How could He know all these things so intimately and personally? When did he search me and know me? In one way, it is because He is omniscient. He knows all things. But in a more personal way, it is actually because He has felt all things with us. He has lived our lives with us in that Garden of Gethsemane—every paltry and tedious moment and every anguish and agonizing cry, every dark or selfish thought, every time we gave in to being less than we are.
Sometimes when we are pained, we are tempted to shake our fist at the Lord and scream out, “Why don’t you just relieve me?” We are tempted to think He is stingy with his blessings. It is in these moments that we are blind. We have scales upon our eyes. He is there in the Garden, having felt it with us, so that He can perfectly heal us in the right time and in the right way. He is our only total companion in the darkness—our only companion because no one else will ever entirely know how we feel.
This mortal life with its burdens must have been necessary for us in ways we cannot now completely see because the Lord Himself allowed this collective agony to come upon Him that he might succor each individual in their times of need. What a generous God to walk with us on this path. What a kind Savior to endure all things to the point of being “sore amazed” that I never be alone. How can I say how much I love Him?
Several years ago, our oldest daughter, Melissa, died unexpectedly. Our world came crashing down and my grief felt boundless, an infinite sinkhole in my soul. When I cried on my pillow and shouted at the night, I felt something also profound.

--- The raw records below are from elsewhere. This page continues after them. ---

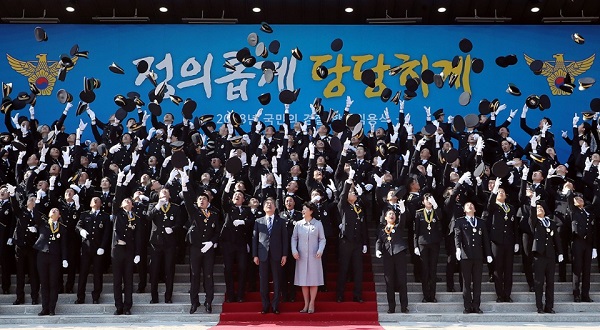 문재인 대통령 부부가 지난 3월 충남 아산 경찰대학에서 열린 ‘2018년 경찰대학생·간부후보생 합동 임용식’에서 미래 경찰 주역들인 초급 간부들과 기념촬영을 하고 있다.(사진=청와대) |
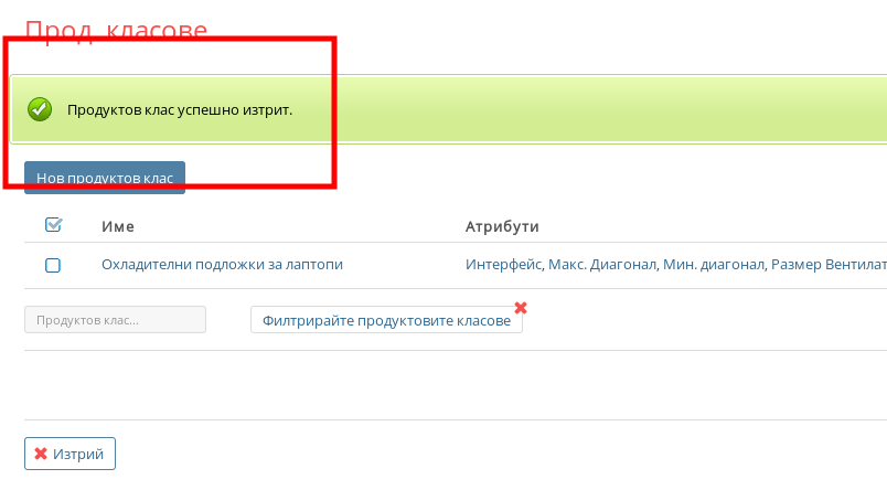 Когато изтриването на Продуктов клас е успешно ще се визуализира зелено поле с текст “Продуктов клас успешно изтрит”.
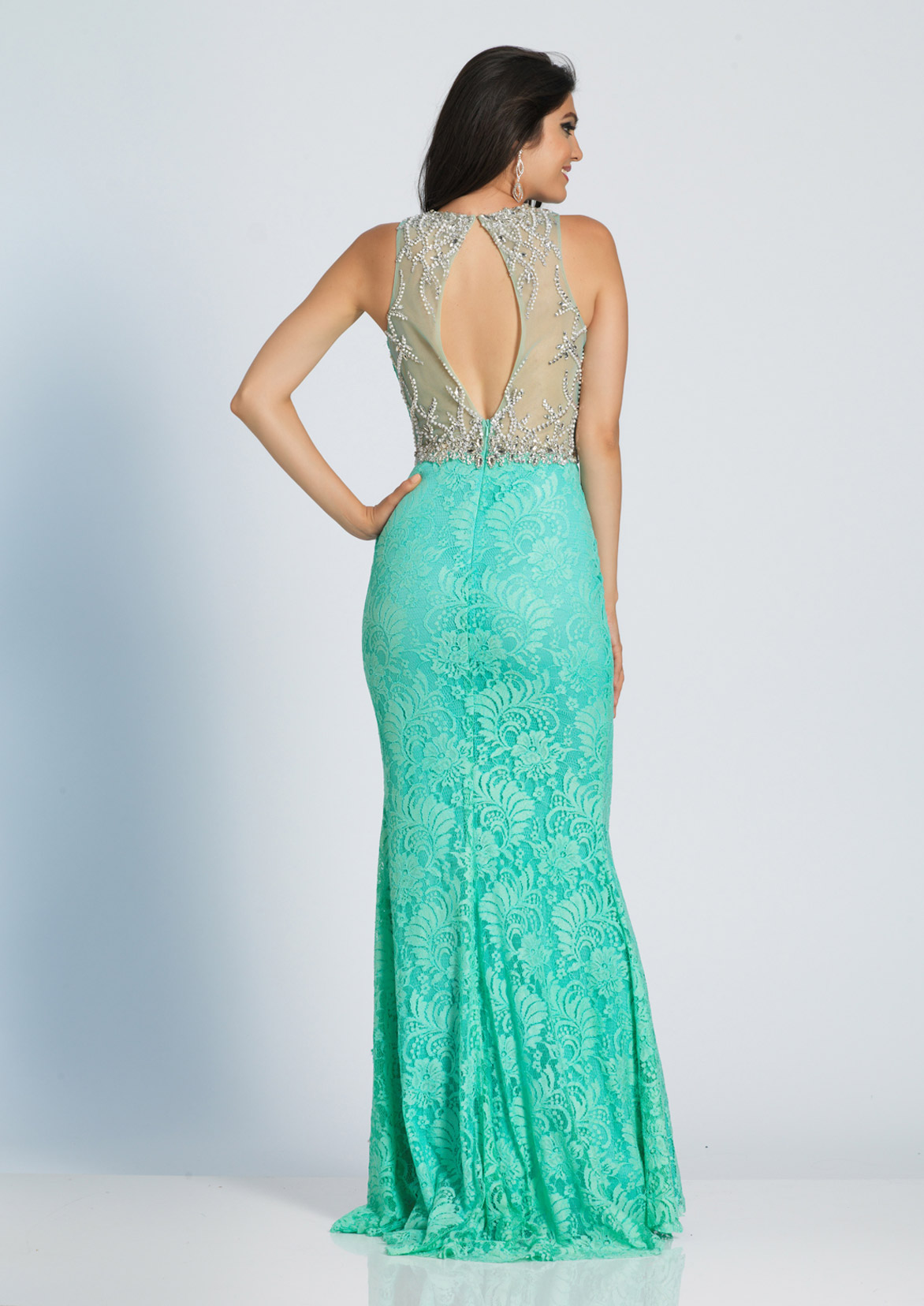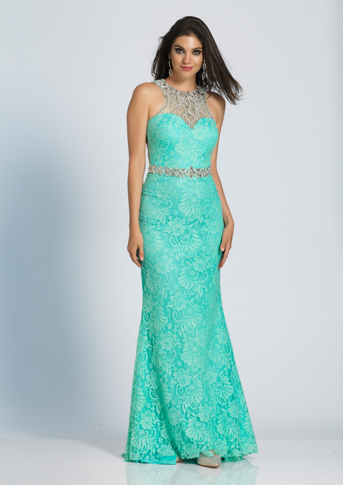 Dave and Johnny Prom Dress A4450. An allover lace evening gown with a beaded sheer high neck.Fabric: Beaded Top & Back/Lace
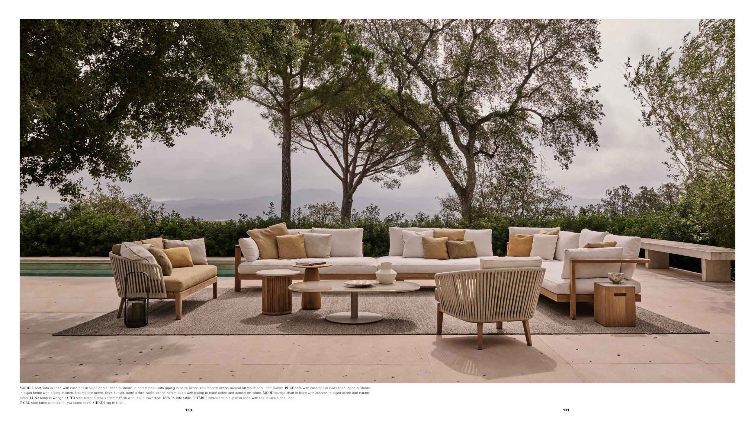 pearl. LUNA lamp in wengé. OTTO side table in teak ø48cm h45cm with top in travertine. DUNES side table. T-TABLE coffee table elipse in linen with top in lava stone linen.

Because we lead tours to Israel every year, I have spent many hours in Gethsemane, contemplating the Savior’s atonement. What I never knew, all that time, was that when he suffered there, He was already suffering for my aching, seemingly impenetrable grief, taking it upon Himself so that He could perfectly heal me.
My grief was not impenetrable. He penetrated it. This grief He knew for me, long before I knew it for myself. All those times I had been in Gethsemane, I didn’t know He had already felt something there for me that I could not have imagined. Yet in those hours and hours of tears, I could feel Him with me. I hungered for the words of solace that so many kind friends sent. I lapped up the love that was shed upon us from neighbors. But only Christ was entirely there with me. He had been all along.

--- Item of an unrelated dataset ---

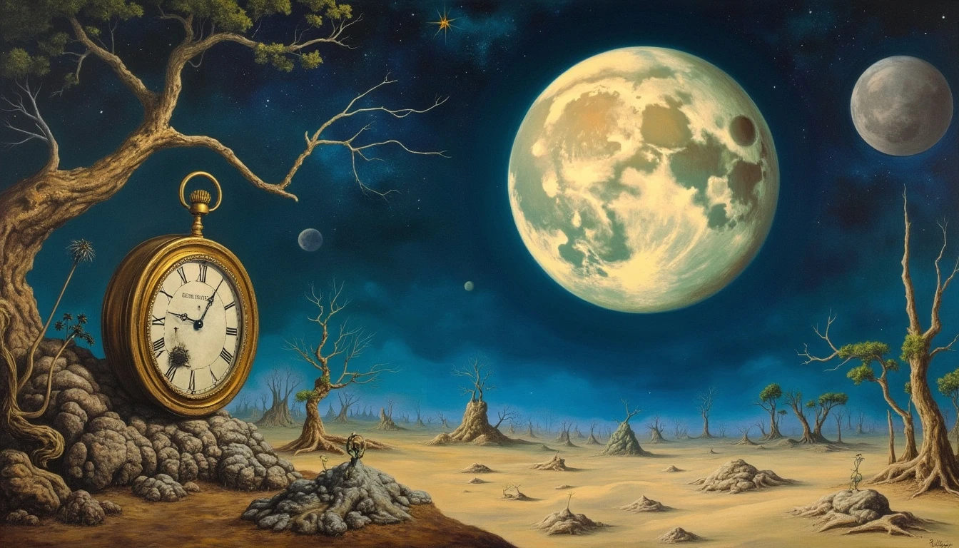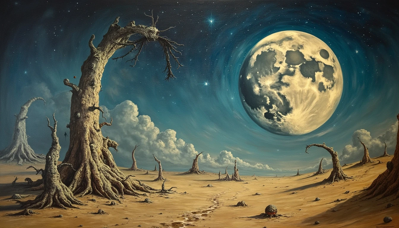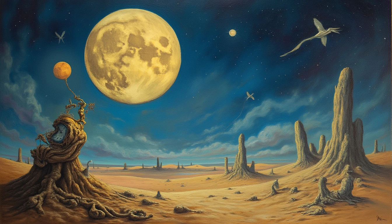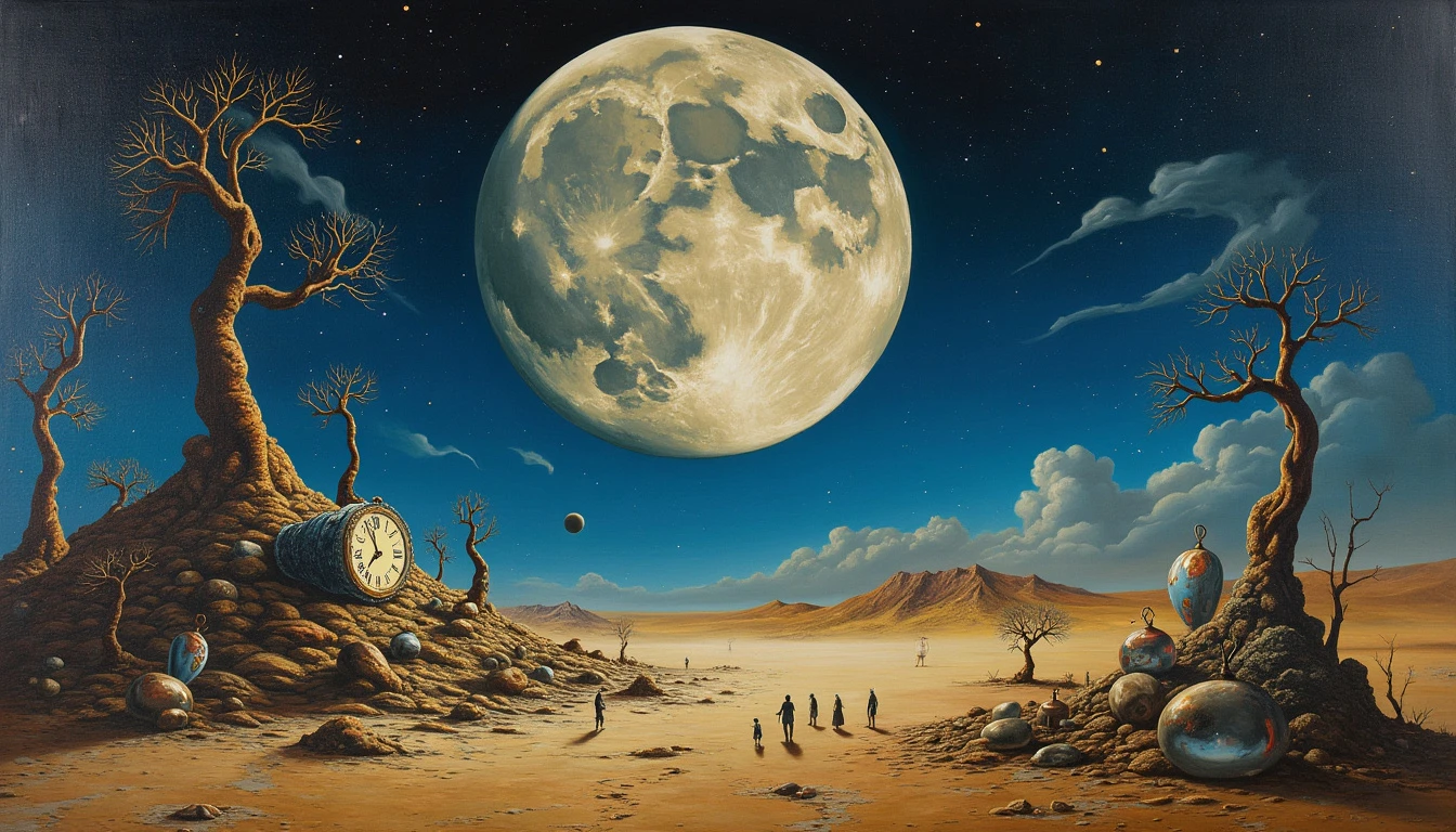 **The Moon, painted by Salvador Dalí**, in a surrealist style that merges dreamlike abstraction with meticulous detail. The painting features a large, luminous moon dominating the canvas, rendered in Dalí's signature hyper-realistic yet otherworldly manner. The moon's surface is depicted with intricate textures and shadows, creating a sense of depth and mystery. Its light casts a soft, ethereal glow across the scene, illuminating the surrounding surreal landscape. The **foreground** includes distorted, melting objects characteristic of Dalí's work: perhaps a twisted clock draped over a barren, rocky outcrop, and elongated shadows that stretch and warp in the moonlight. There may also be an unusual juxtaposition of familiar and bizarre elements, such as a desolate desert with scattered, distorted figures, blending seamlessly into the lunar light. **In the background**, the sky is a deep, swirling gradient of blues and purples, with stars rendered in a delicate, almost fragile manner, adding to the dreamlike quality. Dalí’s signature elongated, melting forms and distorted perspectives create an unsettling yet captivating atmosphere. The overall composition evokes a sense of eerie beauty and fantastical imagination, blending the boundaries between reality and dream. **Atmosphere**: The painting exudes an otherworldly, mystical ambiance, with a sense of timelessness and surreal intrigue, capturing Dalí’s unique approach to blending meticulous realism with dreamlike abstraction.

I celebrate a Savior who reaches out and touches me. I rejoice in a Savior who also lets everything about my life and circumstances touch Him. The atonement has forever connected us. For all of us, every day is Easter.
Irene BlackMarch 24, 2023
This article really touched me as I have just experienced losing a sweetheart of 55 years to a terrible disease. The savior is the answer to our grief. Maureen your gift is in touching others with your writing. Thank you!
Irene BlackMarch 24, 2023
One of the best articles ever on the atonement. You helped me understand why my husband had to suffer so much during his battle with Parkinson’s disease . You have helped me through the grief of his passing. Our Savior is the answer to our pain. Thank you Sister Procter. You have a gift to touch others through your words.